Important Information for Shareholders

  • Liquidity Requirements: The step-up in minimum liquidity, from \$2 million to \$5 million, is a material financial covenant that could impact the Company’s operational flexibility and working capital. Failure to meet these thresholds could result in a default under the credit agreement, which is a potentially price-sensitive risk.
  • Borrowing Base Reduction: The reduction in the eligible percentage of inventory for the borrowing base from 50% to 40% after March 31, 2026, may limit the Company’s ability to draw on its revolving credit facility, affecting liquidity and possibly constraining growth or operational initiatives.
  • Secured Debt Covenant: These amendments reflect lender demands for increased liquidity and reduced leverage, which may indicate a more cautious outlook from creditors regarding Arq’s financial position or market conditions.

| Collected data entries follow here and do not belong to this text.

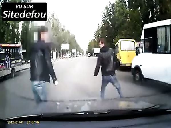 PIÉTON SE FAIT AGRESSIF SE FAIT CALMER PAR UN AUTOMOBILISTE (UKRAINE)
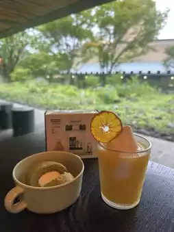 Enjoy a leisurely moment in a cafe space filled with natural light, with a backdrop of open green tea fields, fragrant tea lattes, green tea desserts, and a wide open space. 😀
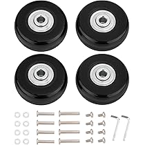 Deine Kofferrollen sind kaputt? Dieses 4er Set mit 50x18mm Gummi-Rollen macht deinen Koffer wieder flott! Doppellager für extra Leichtlauf und Stabilität - hält bis zu 50kg pro Rad. Komplett mit Achsen, Schrauben und Inbusschlüssel für einfache Montage. Passt für die meisten Koffer, Trolleys und Skateboards. Verschleißfestes Gummi für lange Haltbarkeit. Nie wieder schleppende Koffer - mit diesen Ersatzrollen rollt dein Gepäck wie neu!
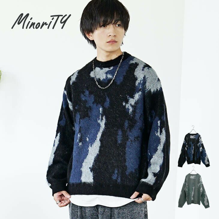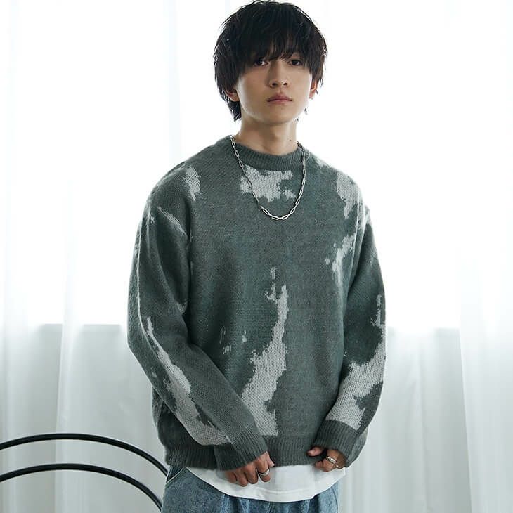 モヘアタッチニュアンス柄ルーズニット
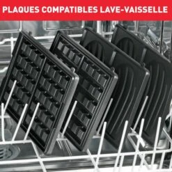 Appareil multifonction avec 2 jeux de plaques amovibles pour de délicieuses gaufres maison et des croque-triangle parfaitement dorés,16 jeux de plaques à collectionner (non inclus) pour préparer des beignets, des pancakes, des paninis, des bagels et bien plus. Collectionnez-les tous !,Rangement ingénieux des plaques dans des coffrets dédiés incluant un livret de recettes,Témoins lumineux qui indiquent quand les plaques sont suffisamment chaudes pour lancer la cuisson,Plaques dotées d&s;un revêtement antiadhésif pour des résultats parfaits,Plaques compatibles lave-vaisselle pour un nettoyage sans effort,Engagement de réparabilité 15 ans au juste prix grâce à notre réseau de 6200 réparateurs dans le monde

Potential Share Price Impact

  • Positive: The execution of this amendment shows Arq’s proactive engagement with its lenders to manage financial risk and maintain access to credit facilities.
  • Negative: The stricter liquidity requirements and borrowing base limitations may signal increased risk, potential cash flow constraints, or expectations of higher volatility in the Company’s operations. These factors could impact investor sentiment and the Company’s share price.
  • Market Attention: Investors should closely monitor Arq’s liquidity levels and compliance with these covenants in upcoming quarters, as any breach could have significant repercussions.

Other Notable Information

  • Company Profile: Arq, Inc. (Nasdaq: ARQ) is a Colorado-based company listed on the Nasdaq Global Market, classified under Miscellaneous Chemical Products (SIC 2890).
  • Corporate Actions: The Company is not an emerging growth company and has not elected to use any extended transition period for new or revised accounting standards.

Conclusion

The amendment to Arq’s Credit, Security and Guaranty Agreement is a significant event for shareholders, as it directly impacts the Company’s liquidity management and access to credit. The step-up in minimum liquidity requirements and the reduced inventory borrowing base, effective April 1, 2026, may affect Arq’s flexibility and operational capacity. Investors are advised to monitor future filings for updates on the Company’s compliance with these new covenants.


Disclaimer: This article is for informational purposes only and does not constitute investment advice, an offer, or solicitation to buy or sell any securities. Investors should conduct their own due diligence or seek advice from a qualified financial advisor before making investment decisions. The author and publisher assume no responsibility or liability for any actions taken based on the information provided.